Tom Bradford wrote:
On Friday, January 4, 2002, at 10:16 AM, Gianugo Rabellino wrote:But actually I even don't understand what this small encoding issue might have to do when the only things flowing around should be SAX events as it is in Cocoon where only getContentAsSAX() is called. Isn't it weird?
Can you send me one of the offending documents? I'll play around and see what I can figure out.
Tom,
I managed to find out the problem: in SAXEventGenerator.java the "value" String is built from a byte array. The problem is that there is no encoding specification in the constructor, which means (as per the Java APIdocs) that some issue might arise. The attached one-liner patch fixes the problem, but it's a workaround that works only now, since UTF-8 is the only supported encoding. Once multiple encodings will be supported this will have to be changed.

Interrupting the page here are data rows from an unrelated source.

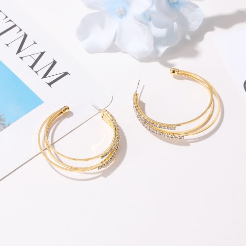 Buy Hoop Round Rhinestone Earring- 3 Layers- Gold. in Nigeria
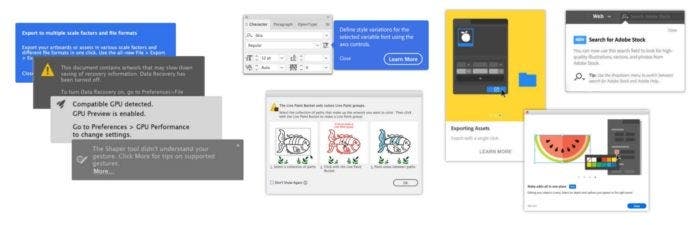 In any given application there are often dozens of screens or panels; hundreds (or thousands, in some cases) of unique icons and cursor states; as well as a mix of messaging like onboarding tutorials, notifications, and feature announcements. It can be a real challenge to solve for patterns that work across that kind of variety.
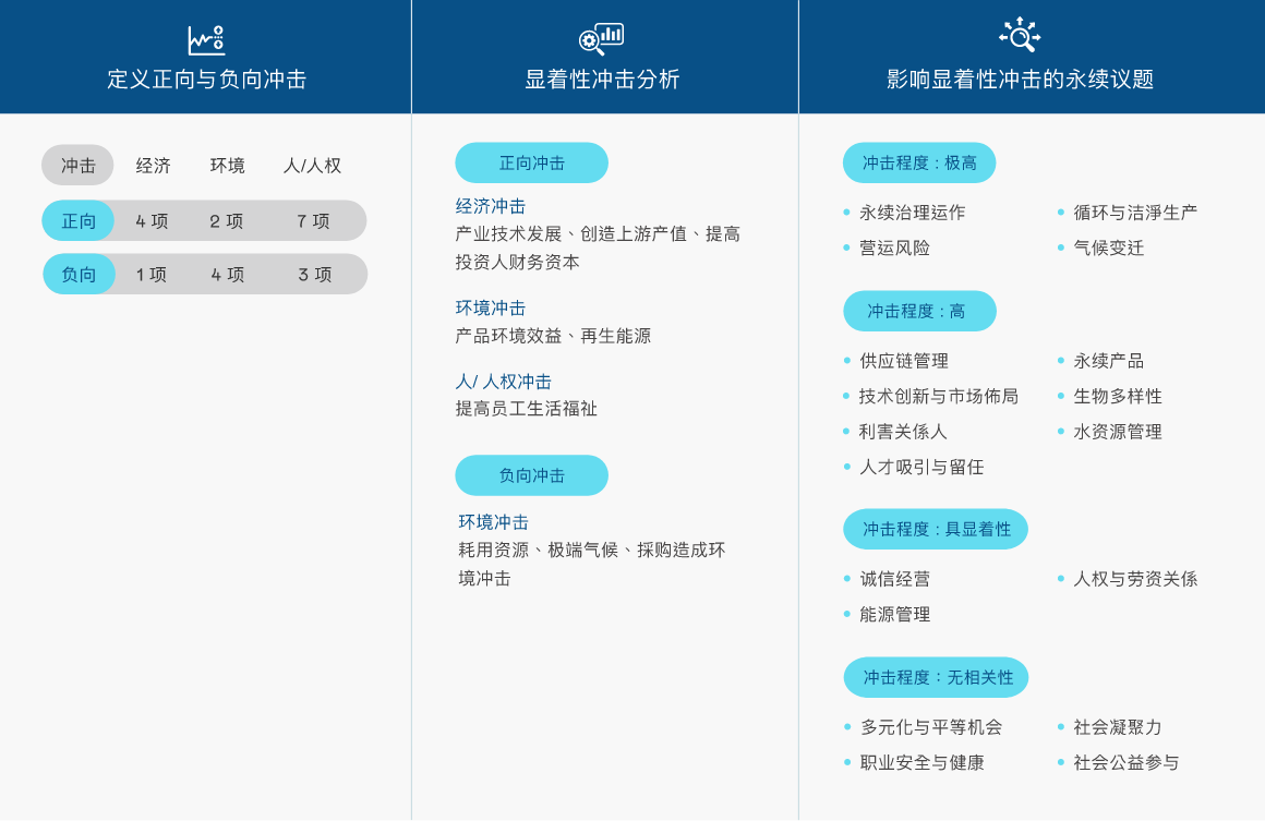 依循全球永续趋势与GRI 准则检视议题之合适性,透过问卷了解利害关系人对公司在环境、社会( 含人权)、公司治理三方面的关注面向,同时建立双重重大性评估方法,透过8868体育主管与价值链的关键伙伴评估ESG 议题对公司所产生的营运冲击程度,并在ESG 外部永续发展冲击方面,根据GRI 通用准则2021(GRI Universal Standards 2021) 的GRI 3:重大主题(Material Topics 2021),整合价值平衡联盟(Value Balancing Alliance, VBA)、哈佛商学院「影响力加权会计(Impact-Weighted Accounts)」研究计画等机构发展之经济、环境及社会层面冲击评估方法学,建构以冲击为基础的重大性分析流程,辨识重大性主题。

I hope this patch (or something equivalent) can make into the CVS: it's really important (to me in the first place :)) and to everyone that will use XIndice with Cocoon, given that SAX is used all over the place.
Thanks for your support,
-- Gianugo
Index: java/src/org/apache/xindice/xml/sax/SAXEventGenerator.java
===================================================================
RCS file:
/home/cvspublic/xml-xindice/java/src/org/apache/xindice/xml/sax/SAXEventGenerator.java,v
retrieving revision 1.1.1.1
diff -u -r1.1.1.1 SAXEventGenerator.java
--- java/src/org/apache/xindice/xml/sax/SAXEventGenerator.java 6 Dec 2001
19:34:00 -0000 1.1.1.1
+++ java/src/org/apache/xindice/xml/sax/SAXEventGenerator.java 6 Jan 2002
14:44:13 -0000
@@ -261,7 +261,7 @@
byte[] buf = new byte[tbis.available()];
tin.read(buf);
- String value = new String(buf);
+ String value = new String(buf, "UTF-8");
switch ( type ) {